What the task asks:
Everything in the entries is to be written out exactly, except for the pictures.

Records shown:
══════════════════════════════
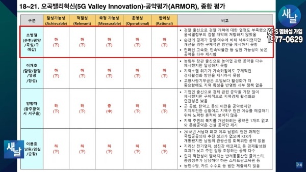 평가를 위한 방송에는 푸른나무, 이상구 원장, 민진규 소장(국가정보전략연구소) 등이 출연했다. 평가 방법은 국가정보전략연구소(국정연, iNIS)가 개발한 ‘오곡(五穀)밸리혁신(5G Valley Innovation)-선거공약’ 평가 모델을 적용했다.
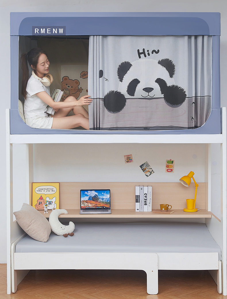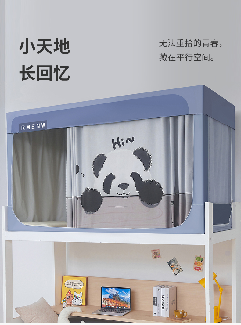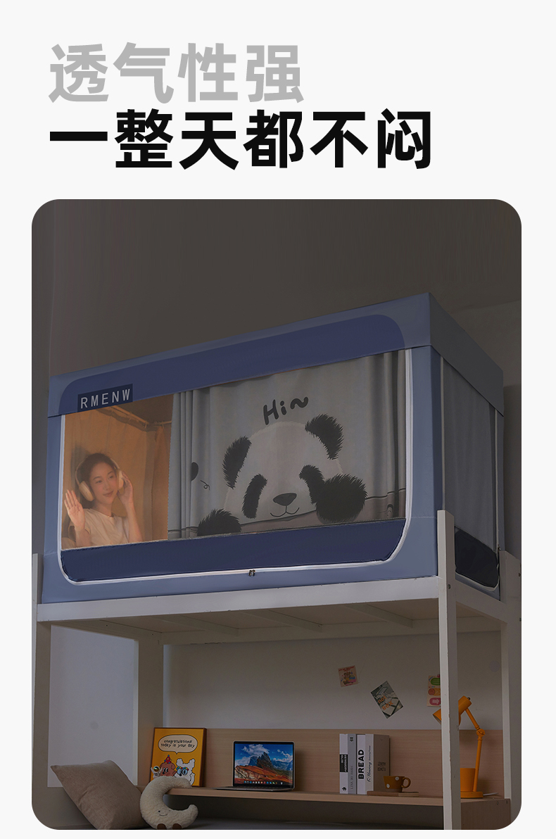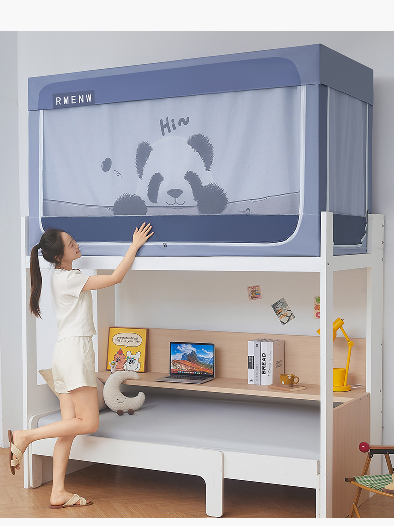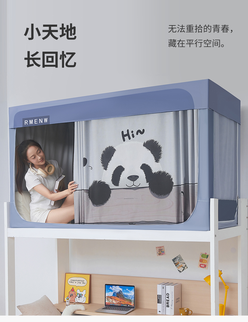 • 91家纺网 家纺一手货源 找家纺 星际优品 2025新款轻奢款学生一体式遮光蚊帐 星空灰-憨憨熊猫
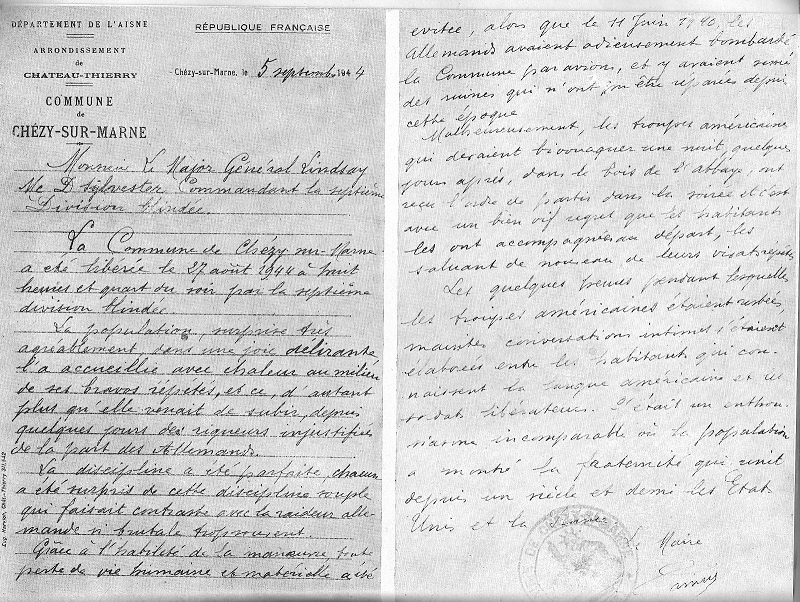 Lettre de la commune de Chézy-sur-Marne au général Sylvester ©Archives de la 7th Armored Division
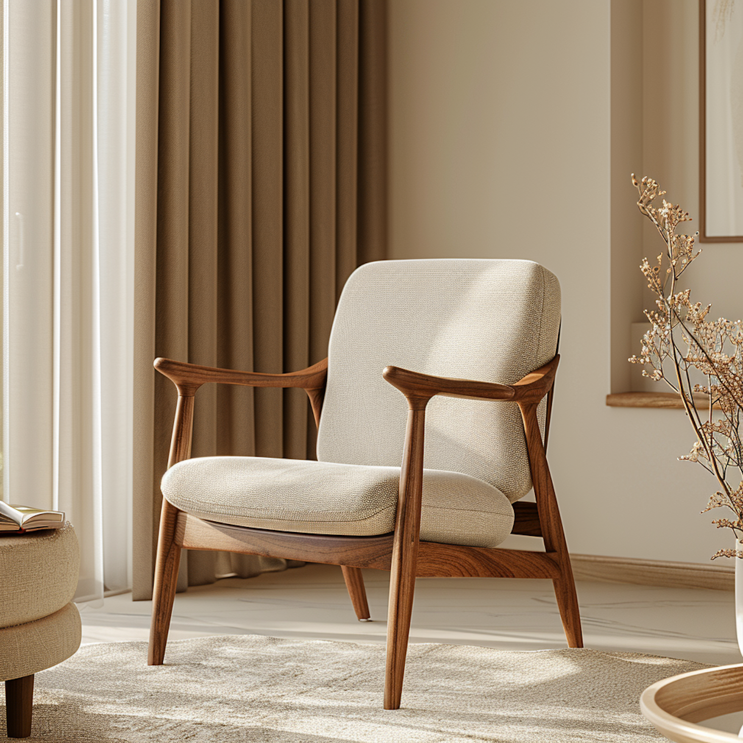 Mid-century modern armchair with wooden frame and beige upholstery in a sunlit room with elegant curtains and minimalist decor.
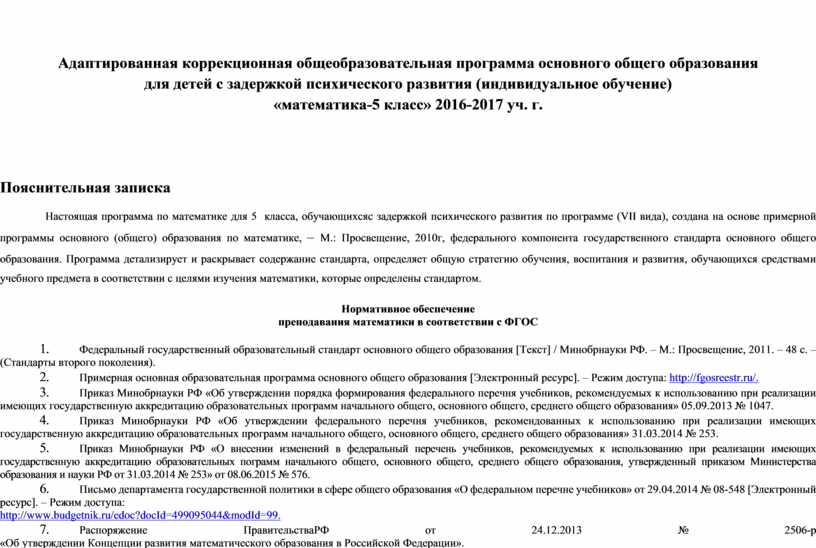Настоящая программа по математике для 5 класса, обучающихсяс задержкой психического развития по программе (VII вида), создана на основе примерной программы основного (общего) образования по математике, – М.: Просвещение, 2010г, федерального компонента государственного стандарта основного общего образования. Программа детализирует и раскрывает содержание стандарта, определяет общую стратегию обучения, воспитания и развития, обучающихся средствами учебного предмета в соответствии с целями изучения математики, которые определены стандартом.
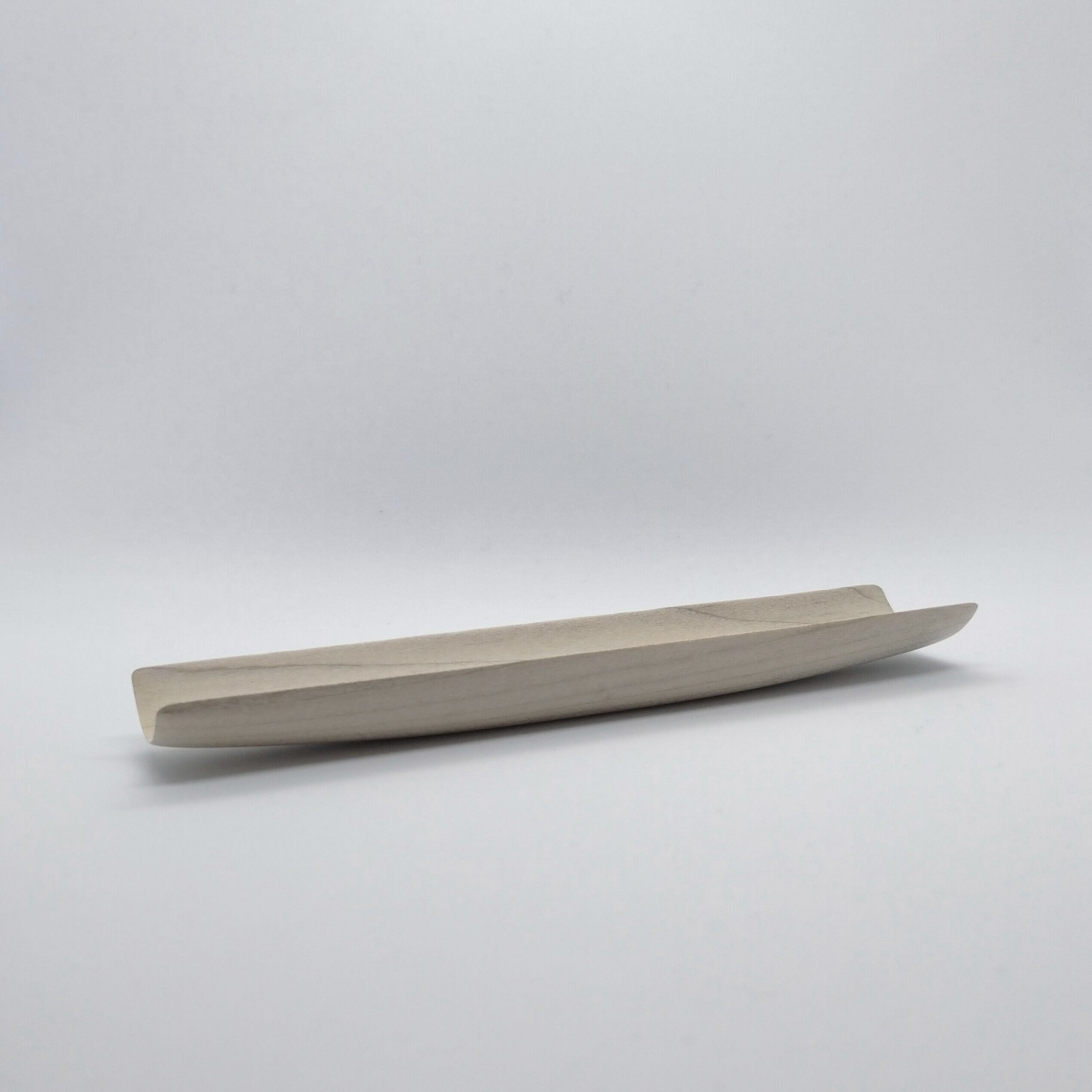 ノミと鉋を使って削り出した後にやすりがけ(仕上げ#1000)をして滑らかに仕上げました。塗装はしていません。
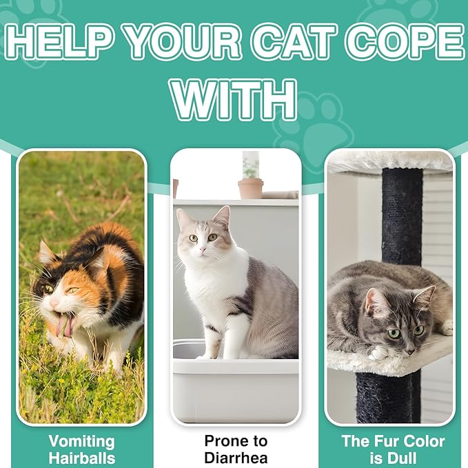 - Scientifically Formulated, Safe and Effective: Cat furball treatment is made with safe and reliable ingredients such as apple pomace, zinc proteinate and psyllium husk. Each tablet of cat hairball treats is precisely measured to ensure the safety and health of your cat. Simply feed cat hairball control scientifically according to your cat's weight. Cat hairball relief does not require the use of any laxatives or mineral oils. Hairball treats does not contain corn, wheat or artificial colors
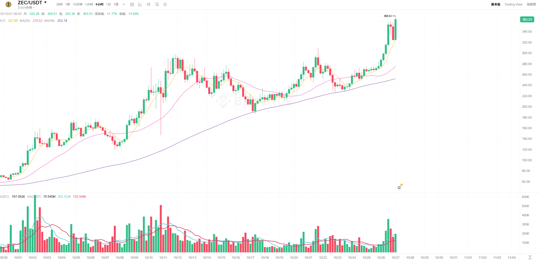 #zec 上週漲 30%,延續 10 月的強勢。雖然中旬小回調 10%,但現在價格已經反彈到 360美元。只要守住 280-290美元支撐,多頭勢頭就還在,牛市的節奏還沒結束!
══════════════════════════════
Written reply:
 평가를 위한 방송에는 푸른나무, 이상구 원장, 민진규 소장(국가정보전략연구소) 등이 출연했다. 평가 방법은 국가정보전략연구소(국정연, iNIS)가 개발한 ‘오곡(五穀)밸리혁신(5G Valley Innovation)-선거공약’ 평가 모델을 적용했다.
 • 91家纺网 家纺一手货源 找家纺 星际优品 2025新款轻奢款学生一体式遮光蚊帐 星空灰-憨憨熊猫
 Lettre de la commune de Chézy-sur-Marne au général Sylvester ©Archives de la 7th Armored Division
 Mid-century modern armchair with wooden frame and beige upholstery in a sunlit room with elegant curtains and minimalist decor.
Настоящая программа по математике для 5 класса, обучающихсяс задержкой психического развития по программе (VII вида), создана на основе примерной программы основного (общего) образования по математике, – М.: Просвещение, 2010г, федерального компонента государственного стандарта основного общего образования. Программа детализирует и раскрывает содержание стандарта, определяет общую стратегию обучения, воспитания и развития, обучающихся средствами учебного предмета в соответствии с целями изучения математики, которые определены стандартом.
 ノミと鉋を使って削り出した後にやすりがけ(仕上げ#1000)をして滑らかに仕上げました。塗装はしていません。
 - Scientifically Formulated, Safe and Effective: Cat furball treatment is made with safe and reliable ingredients such as apple pomace, zinc proteinate and psyllium husk. Each tablet of cat hairball treats is precisely measured to ensure the safety and health of your cat. Simply feed cat hairball control scientifically according to your cat's weight. Cat hairball relief does not require the use of any laxatives or mineral oils. Hairball treats does not contain corn, wheat or artificial colors
 #zec 上週漲 30%,延續 10 月的強勢。雖然中旬小回調 10%,但現在價格已經反彈到 360美元。只要守住 280-290美元支撐,多頭勢頭就還在,牛市的節奏還沒結束!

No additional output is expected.